Genotyping with NGS has been demonstrated to be clinically effective in guiding NSCLC treatment. It helps oncologists to find druggable mutations for targeted therapy [6, 7] and potential targetable genomic alterations for drug development [8, 9]. Previous studies reported the detection of genomic alterations in pericarcinomatous tissues from NSCLC patients [4, 5], but the significance of these mutations in lung carcinogenesis remains unclear. Moreover, it is important to determine whether pericarcinomatous tissue from NSCLC patients can serve as background sample for genomic filtering for germline mutations to increase the accuracy of NGS results.
Thus, we performed deep targeted capture sequencing with pericarcinomatous and tumor tissues. We found that tumor-derived mutations indeed existed in nearly 20% of pericarcinomatous tissues from NSCLC patients, which indicated that pericarcinomatous tissue might not be recommended as background filter for genomic analysis in NSCLC. Neither EGFR nor KRAS was detected in pericarcinomatous tissues, whereas BRAF and RET were detected. This result suggests that matched pericarcinomatous tissue might not act as normal control for detecting oncogenes. Remarkably, mutations in androgen receptor (AR), serine/threonine kinase 11 (STK11), TP53, neurofibromin 1 (NF1), BRAF, and neurogenic locus notch homolog protein 2 (NOTCH2) genes were detected in pericarcinomatous tissues, and these genes are associated with epithelial–mesenchymal transition (EMT). However, EMT is a complex process which is regulated by a multi-level molecular signalling pathway, instead of a single gene mutation. Some mutations of tumor-derived genes detected in pericarcinomatous tissues are related to EMT. However, their roles in EMT formation should be further explored and validated.

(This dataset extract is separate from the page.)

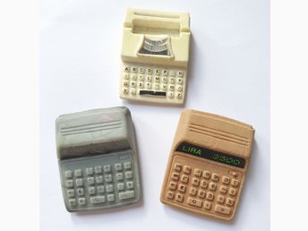 Suddgummi miniräknare och skrivmaskin, retro 80-talet, suddisar, nostalgi

Although the present study showed several interesting findings, our conclusions may be affected by several limitations. First, the small cohort size was a limitation. Further study enrolling more patients is needed. Second, we did not measure and record the exact distance between the pericarcinomatous site and the primary tumor location. During the sample collection, the pericarcinomatous tissue was collected at the furthest distance (visible to the naked eyes) from the tumor in resected specimen (at least 5 cm from the tumor). As a result, it is not possible to evaluate whether those mutation-negative pericarcinomatous samples were further away from the primary tumor sites as compared with mutation-positive ones. Future studies are warranted to address this issue. Additionally, we used panel target capture sequencing instead of whole exome or genome sequencing for analyses, which might have resulted in some missing data, especially in passenger gene regions. However, we used a pan-cancer panel that included 1021 genes related to solid tumor carcinogenesis for sequencing analyses, and this panel showed a significant consistency with exome sequencing for detecting mutation number using the Pearson correlation analysis. Although we cannot rule out missing data entirely, panel sequencing may be a more applicable and cost-effective method for such analyses.

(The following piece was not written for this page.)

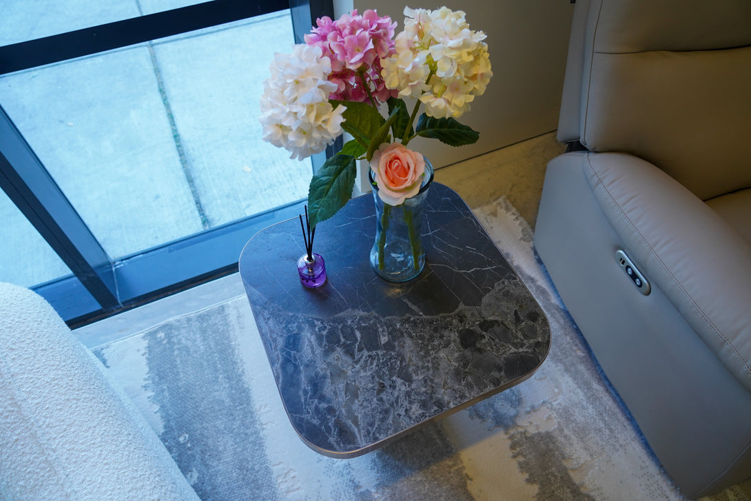Moonstone Marble Side Table is a compact yet striking accent piece. Crafted with natural dark grey marble and a sleek stainless steel base, its smooth rounded corners offer both safety and elegance. Perfect for beside the sofa or bed, it brings functionality and refined beauty to any corner of the room.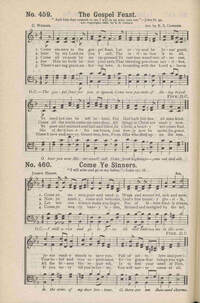 Author: C. Wesley Hymnal: Bells of Heaven #459 (1903) First Line: Come sinners to the gospel feast Languages: English Tune Title: [Come sinners to the gospel feast]

Tumor-derived mutations exist in pericarcinomatous tissues from patients with NSCLC, mostly enriched in trunk mutations and TSGs. Neither EGFR nor KRAS mutations were detected in pericarcinomatous tissues, whereas BRAF and RET were detected. It suggests that pericarcinomatous tissue should be neither recommended as filtering background for genomics analysis nor suitable for detecting druggable oncogenes of NSCLC.

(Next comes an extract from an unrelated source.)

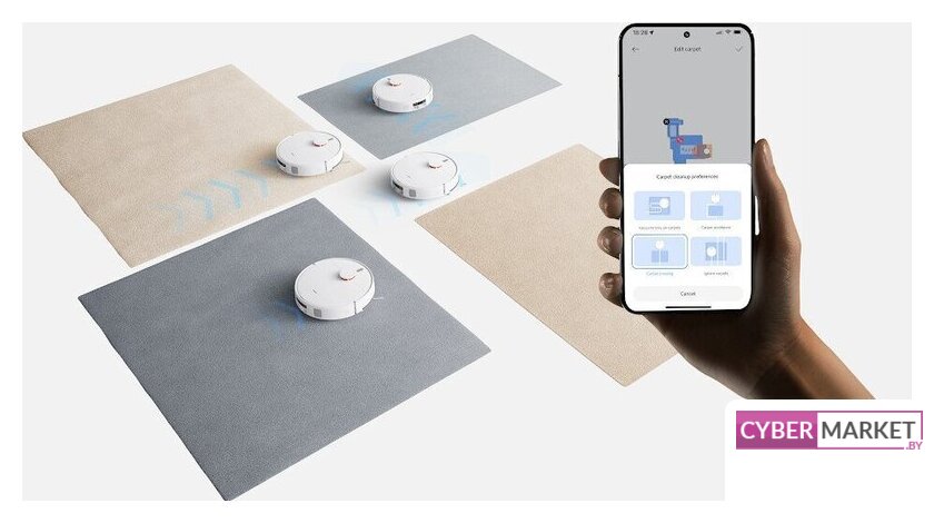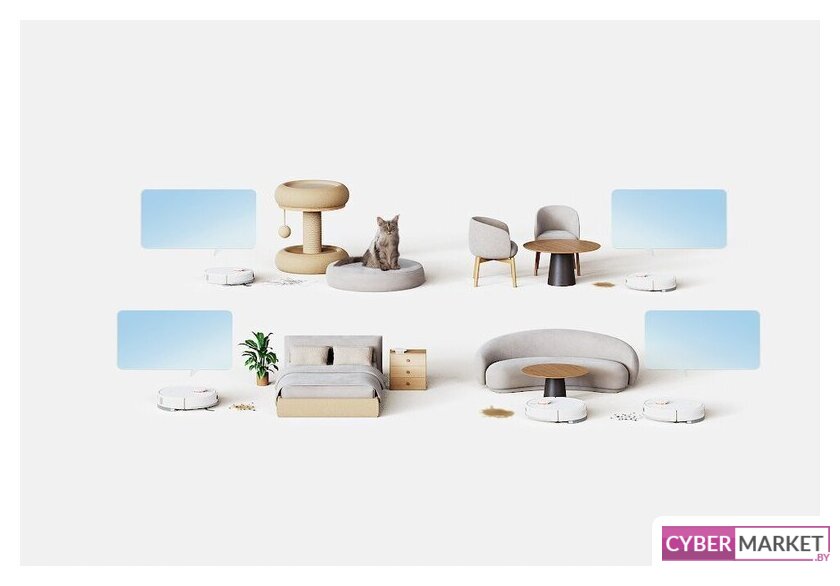 влажная уборка, фирменное приложение, сила всасывания 10000 Па, пылесборник 0.5 л, с турбощеткой, навигация: контактный бампер, лидар, датчики перепада высоты, лазерные датчики препятствий

YZ and LZ designed this study. YZ, WF and YY collected clinical data. YZ, LZ, SH and HZ collected samples. LC, YG and XY made sequencing and statistical analysis. All authors wrote the manuscript. All authors read and approved the final manuscript.
This work was supported by the National Key R&D Program of China (Grant No. 2016YFC0905500, 2016YFC0905503), Science and Technology Program of Guangdong (Grant No. 2017B020227001, 2016A020215084), Science and Technology Program of Guangzhou (Grant No. 201607020031, 201400000001-2), Chinese National Natural Science Foundation Project (Grant No. 81772476, 81572659, 81602011), Pearl River Nova Program of Guangzhou (Grant No. 201610010048), and National Natural Science Funds for Young Scholars of China (Grant No. 81502355).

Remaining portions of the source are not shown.